11 de agosto de 2011

Nome igual, aparência idêntica, mesma prisão...

Em 1903, William West foi preso e levado para a prisão, em Leavenworth, Kansas. Fizeram sua ficha e tiraram essa foto:



O responsável pelo registro achou seu rosto familiar e perguntou se ele já havia passado por alí antes. William respondeu que não. Inconformado, o policial foi até os arquivos e encontrou a foto que procurava. O nome confirmava: William West.

Quando a foto foi apresentada a William, ele demonstrou surpresa e disse: “sou eu mesmo, mas não sei como você conseguiu isso, porque nunca estive aqui antes”.

Por incrível que pareça, estava dizendo a verdade.



Havia mesmo outro prisioneiro, com as mesmas medidas e um rosto quase idêntico ao seu, cumprindo pena naquela mesma prisão desde 1901. E como se isso não bastasse, ele também se chamava William West (as roupas são as mesmas porque era o uniforme da prisão).

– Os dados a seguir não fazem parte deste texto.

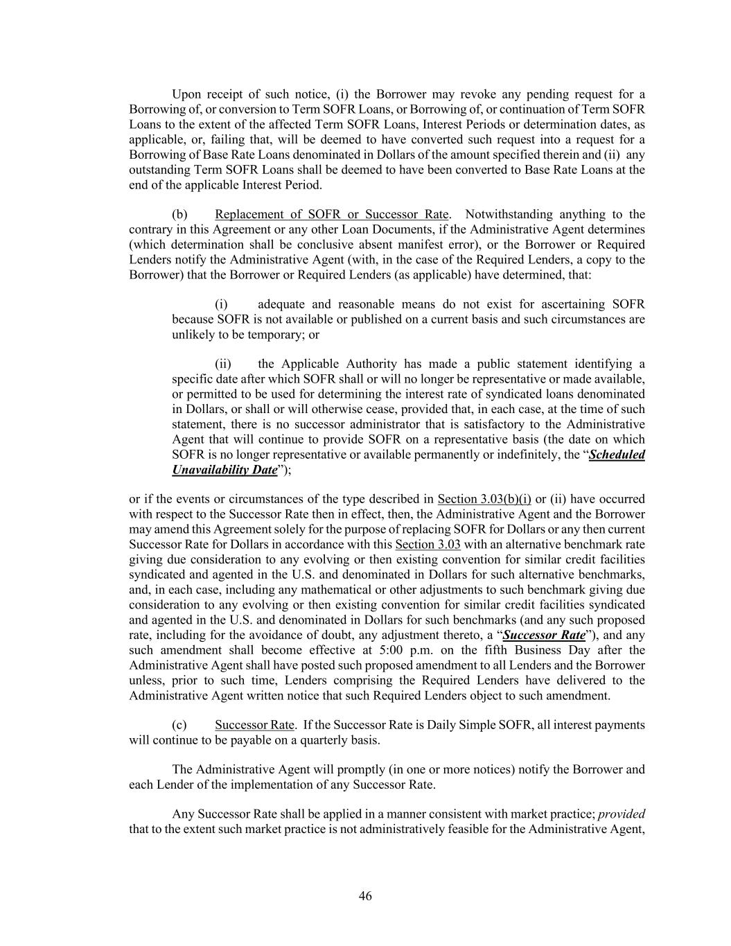 46 Upon receipt of such notice, (i) the Borrower may revoke any pending request for a Borrowing of, or conversion to Term SOFR Loans, or Borrowing of, or continuation of Term SOFR Loans to the extent of the affected Term SOFR Loans, Interest Periods or determination dates, as applicable, or, failing that, will be deemed to have converted such request into a request for a Borrowing of Base Rate Loans denominated in Dollars of the amount specified therein and (ii) any outstanding Term SOFR Loans shall be deemed to have been converted to Base Rate Loans at the end of the applicable Interest Period. (b) Replacement of SOFR or Successor Rate. Notwithstanding anything to the contrary in this Agreement or any other Loan Documents, if the Administrative Agent determines (which determination shall be conclusive absent manifest error), or the Borrower or Required Lenders notify the Administrative Agent (with, in the case of the Required Lenders, a copy to the Borrower) that the Borrower or Required Lenders (as applicable) have determined, that: (i) adequate and reasonable means do not exist for ascertaining SOFR because SOFR is not available or published on a current basis and such circumstances are unlikely to be temporary; or (ii) the Applicable Authority has made a public statement identifying a specific date after which SOFR shall or will no longer be representative or made available, or permitted to be used for determining the interest rate of syndicated loans denominated in Dollars, or shall or will otherwise cease, provided that, in each case, at the time of such statement, there is no successor administrator that is satisfactory to the Administrative Agent that will continue to provide SOFR on a representative basis (the date on which SOFR is no longer representative or available permanently or indefinitely, the “Scheduled Unavailability Date”); or if the events or circumstances of the type described in Section 3.03(b)(i) or (ii) have occurred with respect to the Successor Rate then in effect, then, the Administrative Agent and the Borrower may amend this Agreement solely for the purpose of replacing SOFR for Dollars or any then current Successor Rate for Dollars in accordance with this Section 3.03 with an alternative benchmark rate giving due consideration to any evolving or then existing convention for similar credit facilities syndicated and agented in the U.S. and denominated in Dollars for such alternative benchmarks, and, in each case, including any mathematical or other adjustments to such benchmark giving due consideration to any evolving or then existing convention for similar credit facilities syndicated and agented in the U.S. and denominated in Dollars for such benchmarks (and any such proposed rate, including for the avoidance of doubt, any adjustment thereto, a “Successor Rate”), and any such amendment shall become effective at 5:00 p.m. on the fifth Business Day after the Administrative Agent shall have posted such proposed amendment to all Lenders and the Borrower unless, prior to such time, Lenders comprising the Required Lenders have delivered to the Administrative Agent written notice that such Required Lenders object to such amendment. (c) Successor Rate. If the Successor Rate is Daily Simple SOFR, all interest payments will continue to be payable on a quarterly basis. The Administrative Agent will promptly (in one or more notices) notify the Borrower and each Lender of the implementation of any Successor Rate. Any Successor Rate shall be applied in a manner consistent with market practice; provided that to the extent such market practice is not administratively feasible for the Administrative Agent,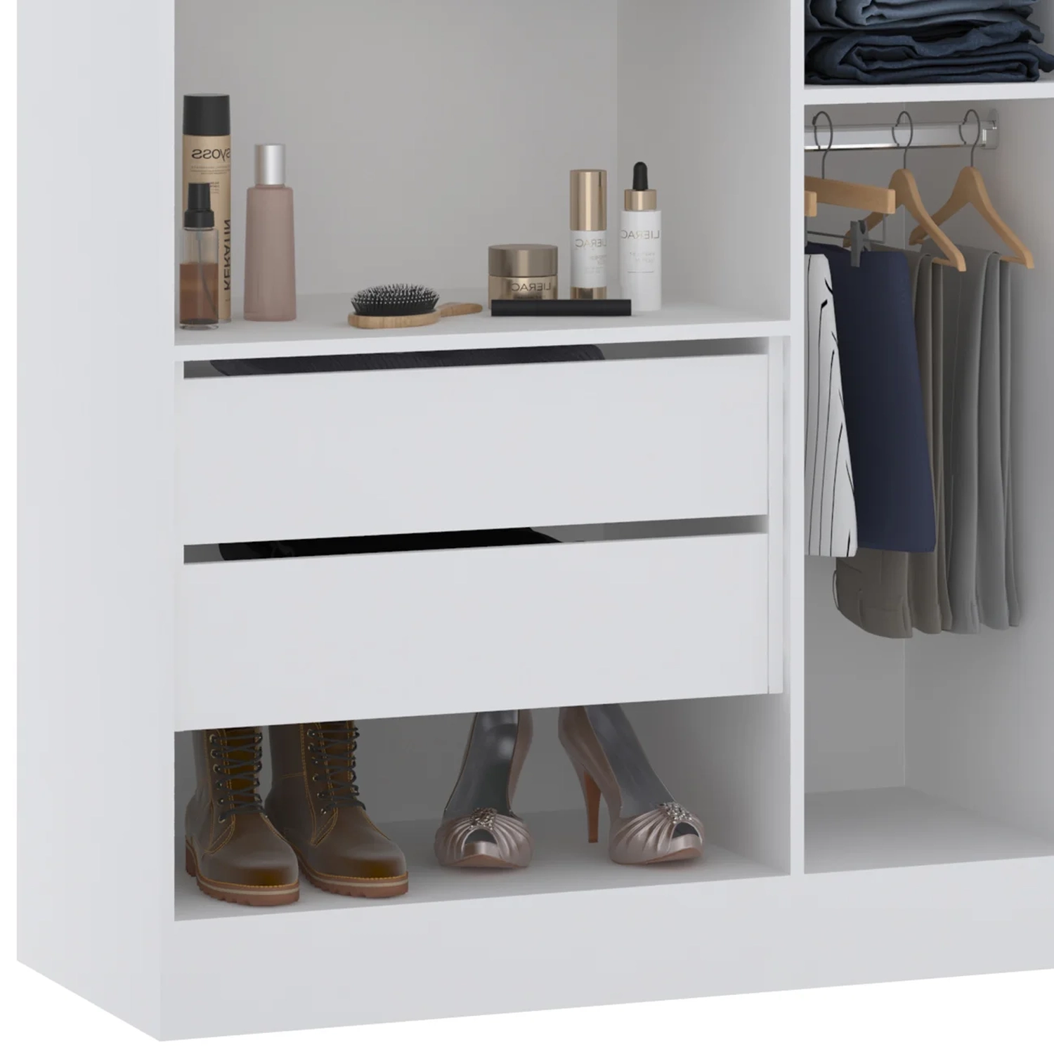 Além disso, conta com duas prateleiras menores e dois cabideiros, tornando esse Roupeiro uma solução completa para organizar roupas e acessórios com praticidade e charme.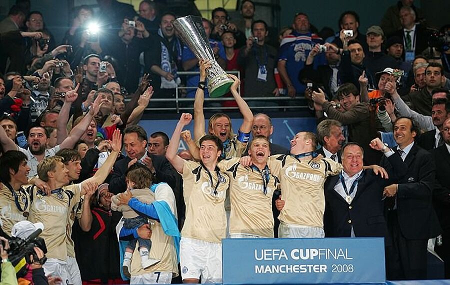 Nach 72 Minuten war es (natürlich) Arshavin der mit dem Ball am Fuß bis zur Strafraumgrenze vordrang und mit einem frechen Pass durch die Beine seines schottischen Bewachers den schnellen Denisov in Szene setzte. Der 1,76 Meter große Offensivmann verwandelte kalt ins kurze Eck, Rangers-Schlussmann Alexander war chancenlos. Die gespenstige Stille, die der Treffer beim riesigen schottischen Anhang auslöste, übertrug sich auf die Spielweise der Rangers. Verzweifeltes Aufbäumen und unbedingter Siegeswille sehen anders aus, beziehungsweise sind in den vergangenen Jahren von anderen Insel-Mannschaften (siehe Liverpool) wesentlich effektiver inszeniert worden. Der eingewechselte Nacho Novo hatte kurz vor dem Schlusspfiff noch die beste Chance zum Ausgleich, doch der Spanier holzte das Spielgerät in den jubelnden russischen Anhang auf der Tribüne im City-of-Manchester-Stadium. Für den Beginn der ganz großen Petersburger Party sorgte in der vierten Minute der Nachspielzeit Konstantin Zyryanov, der auf Zuspiel von Tekke nur noch ein vollenden musste. Schiedsrichter Fröjdfeldt aus Schweden, der sich mit seinem radikal dunklen Teint aussichtsreich für das Solarium-Gesicht des Jahres 2008 bewarb, wollte kein Spielverderber sein und pfiff nach dem zweiten Treffer ab. Die Petersburger sind ein würdiger Uefa-Cup-Sieger, eben weil ihre Spielweise sympathisch nüchtern daher kam und Dick Advocaats Taktik des schnellen Überfalls über die Außen für Galaauftritte gegen Leverkusen (4:1) und München (4:0) sorgte. Die Rangers müssen sich fragen, ob sie sich bei der Wahl ihrer Spielweise nicht doch an den eigenen stürmischen Fans orientieren hätten müssen: Die trinkfesten Glasgower hatten bereits in den frühen Morgenstunden die Theken in der nordenglischen Industriemetropole eingenommen. Modernes Pressing nennt man so etwas.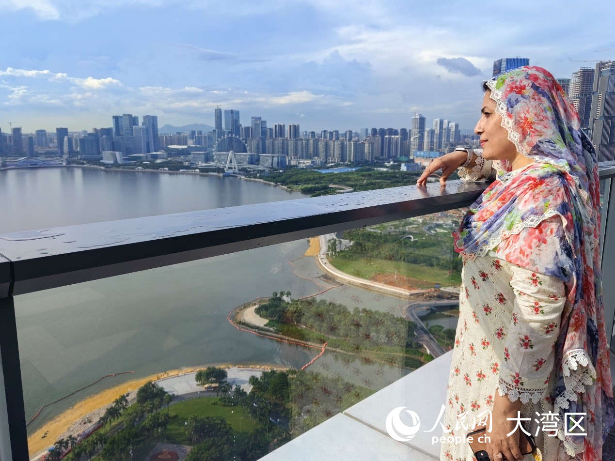 Sara Afzal from Pakistan overlooks Shenzhen Bay from the Qianhai Kerry Center at Shenzhen's Nanshan district, south China's Guangdong Province, Sept. 15, 2025. (People's Daily Online/Wang Jing)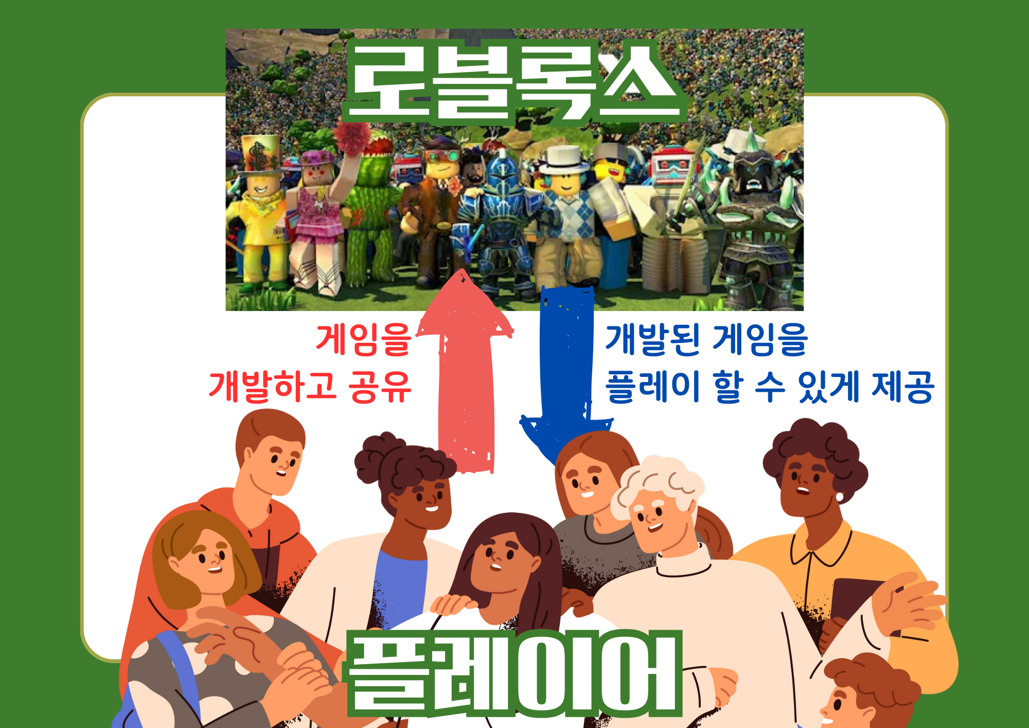 로블록스는 사용자가 직접 게임을 만들고 공유하며 다른 사용자들과 함께 플레이 할 수 있는 샌드박스게임입니다.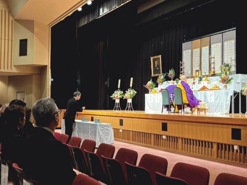 山根理事長の祭文では友國晴子先生の生徒への誠実で思いやりの有る行動や言葉がけなどを先生の口調そのままでお話され、エピソードを交えながらご遺徳を偲びました。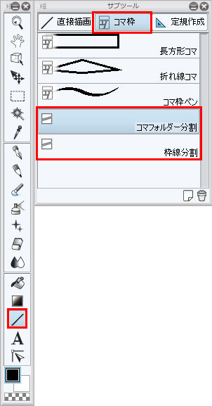 5.ツールだけ初期化されて起動するので、[図形]ツール内の[コマ枠]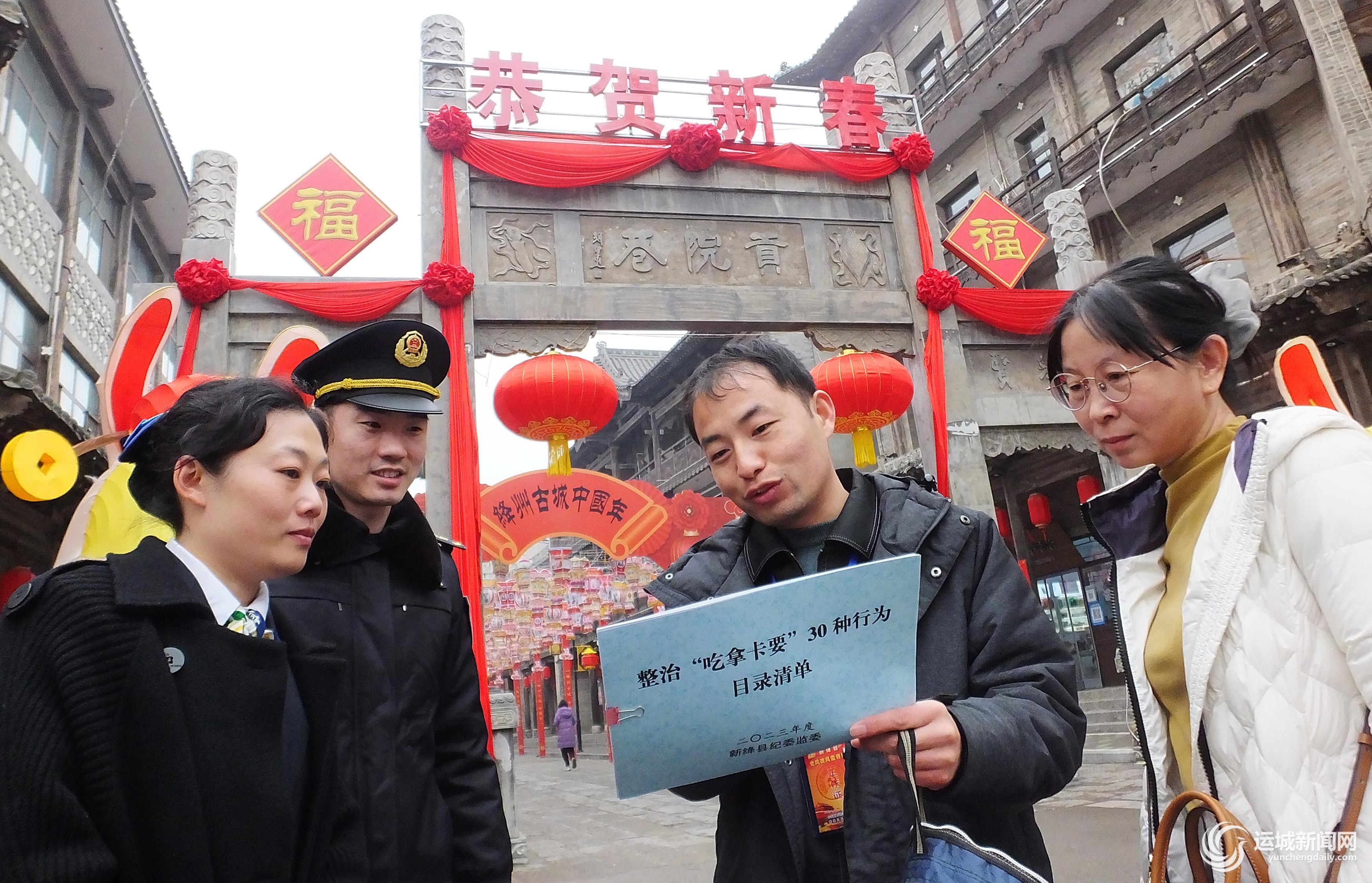 2月9日,纪检监察干部带队在新绛县街头向群众宣传整治“吃拿卡要”优化营商环境专项行动的有关事项。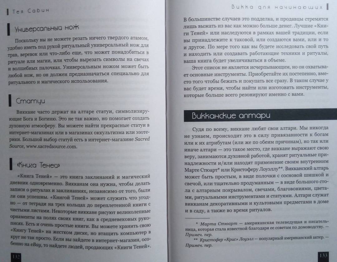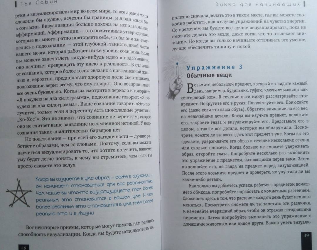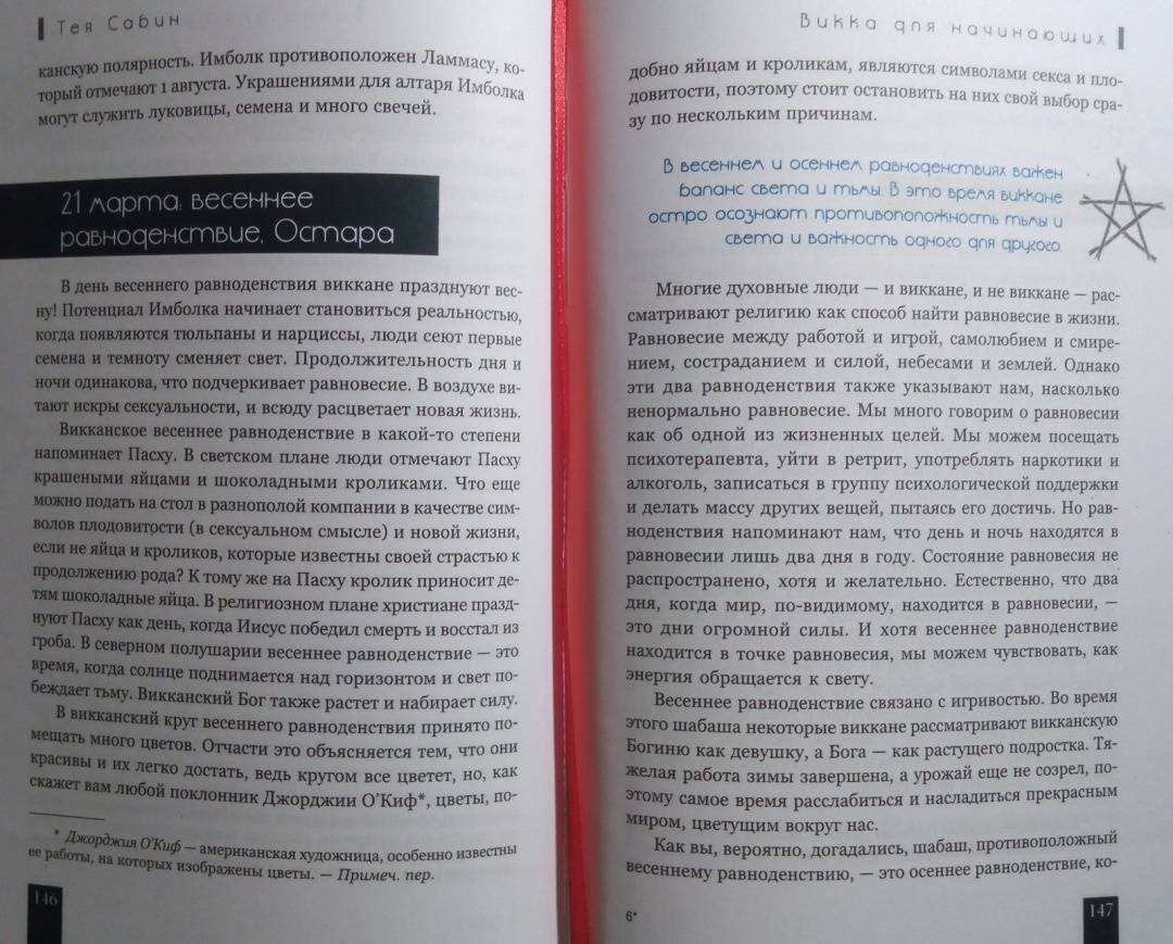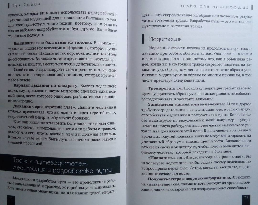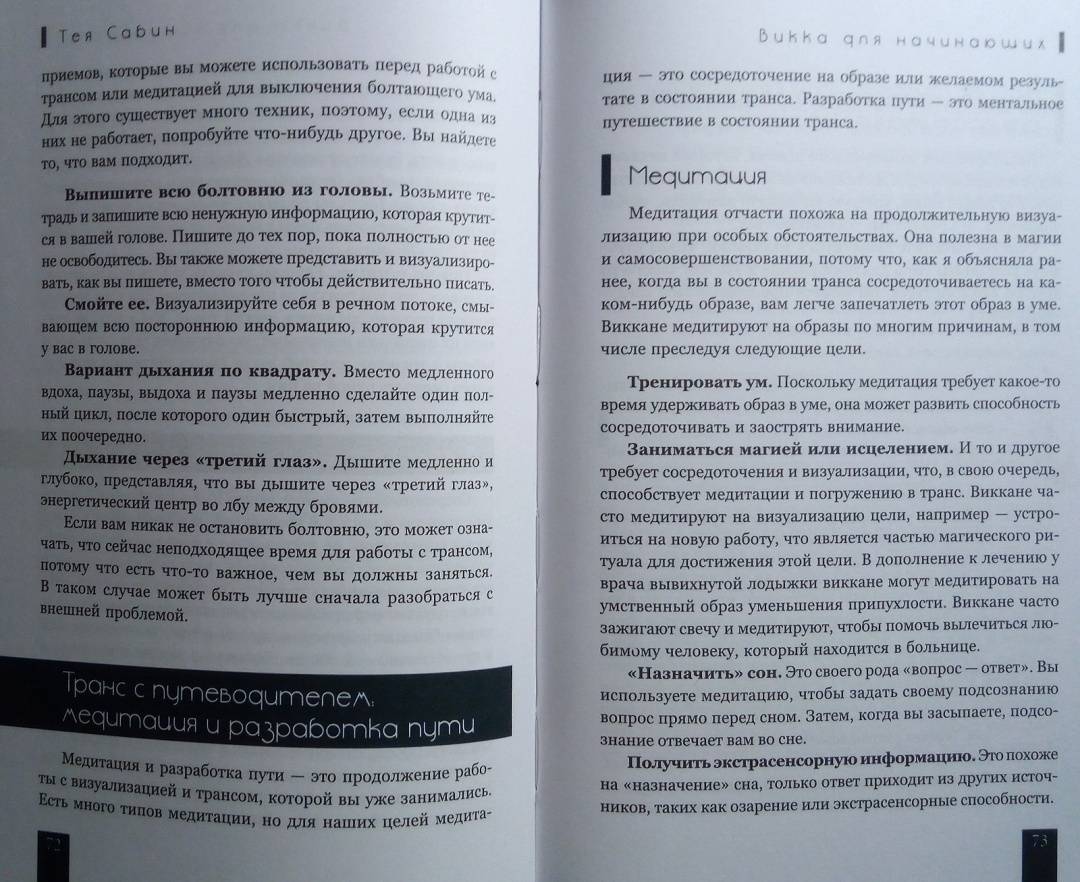 ОписаниеТея Сабин познакомит вас с основами природной магии - викки. Даже если вы впервые держите в руках подобную книгу, прочитав ее, вы…- узнаете о назначении и применении магических инструментов и атрибутов - волшебная палочка, чаша, свеча, метла, соль, вода;- получите рекомендации по оформлению собственного алтаря;- научитесь создавать сакральное пространство (очерчивать и размечать круг);- сможете работать с четырьмя природными стихиями и сторонами света;- пройдете двенадцать шагов к созданию идеального заклинания;- освоите такие викканские практики, как визуализация, заземление, магический щит, транс и медитация;- и найдете ориентиры для поиска вашего личного пути в магии.Силы природы готовы помочь в осуществлении ваших целей, осталось лишь призвать их.Удачного вам ведовства!Почему книгу стоит прочитатьКнига построена по такому принципу, что каждую технику можно применять и отдельно, и как часть более сложного ритуала. Если, к примеру, вы освоите заземление, эта практика, с одной стороны, будет помогать вам снимать стресс и избавляться от негативной энергии, а с другой - станет отличной подготовкой к любому магическому обряду.Таким образом вы сможете использовать новые навыки или сами по себе - для улучшения своего самочувствия, исцеления или получения экстрасенсорной информации. Или, освоив их все к концу чтения, перейти на следующую ступень - к созданию индивидуальных заклинаний и ритуалов для решения более масштабных задач. Все необходимые упражнения, рекомендации и примеры есть в книге!Для кого эта книгаКнига будет интересна и тем, кто впервые приступает к изучению викки, и опытным магам - всегда полезно "сверить часы" с тем, кто практикует не один десяток лет.Тея Сабин с юности была организатором различных викканских организаций, так что в основе книги не только личный опыт автора, но и ее единомышленников.Почему решили издатьВ своей книге Тея Сабин уделяет особое внимание вопросам викканской этики и поиска индивидуального пути в магии. Вы получите информацию обо всех ныне существующих направлениях викки - прямо с магической передовой. А также советы, которые помогут вам определиться, практиковать одному или примкнуть к какой-либо существующей организации (например, в Интернете) - и как не ошибиться в своем выборе.Мы думаем, что "гигиена", о которой пишет Тея Сабин, при выборе средств и союзников на пути к своим целям - важная тема в современном мире, в том числе и в мире магии. Мы хотим, чтобы ваша практика была не только эффективной, но и безопасной.Информация об автореТея Сабин - писательница, с юных лет практикующая викку. В настоящее время она и ее муж руководят ковеном британской традиции на туманном тихоокеанском побережье северо-запада США.СвернутьТея Сабин познакомит вас с основами природной магии - викки. Даже если вы впервые держите в руках подобную книгу, прочитав ее, вы…- узнаете о назначении и применении магических инструментов и атрибутов - волшебная палочка, чаша, свеча, метла, соль, вода;- получите рекомендации по оформлению собственного алтаря;- научитесь создавать сакральное пространство (очерчивать и размечать круг);- сможете работать с четырьмя природными стихиями и сторонами света;- пройдете двенадцать шагов к созданию идеального заклинания;- освоите такие викканские практики, как визуализация,

O caso ficou famoso porque derrubou de vez a antropometria (sistema criado pelo francês Bertillon baseado em medidas corporais) que era utilizada até então e iniciou a era das impressões digitais como um método mais confiável de identificação.

Abaixo, as moçoilas que apareciam nas fotos da época, para incentivar o pessoal a ir sujar as pontinhas dos dedos.



Ainda bem que o novo sistema emplacou, porque você sabe: tem um outro(a) bem igual a você andando por aí. E vai saber o que ele(a) é capaz de fazer.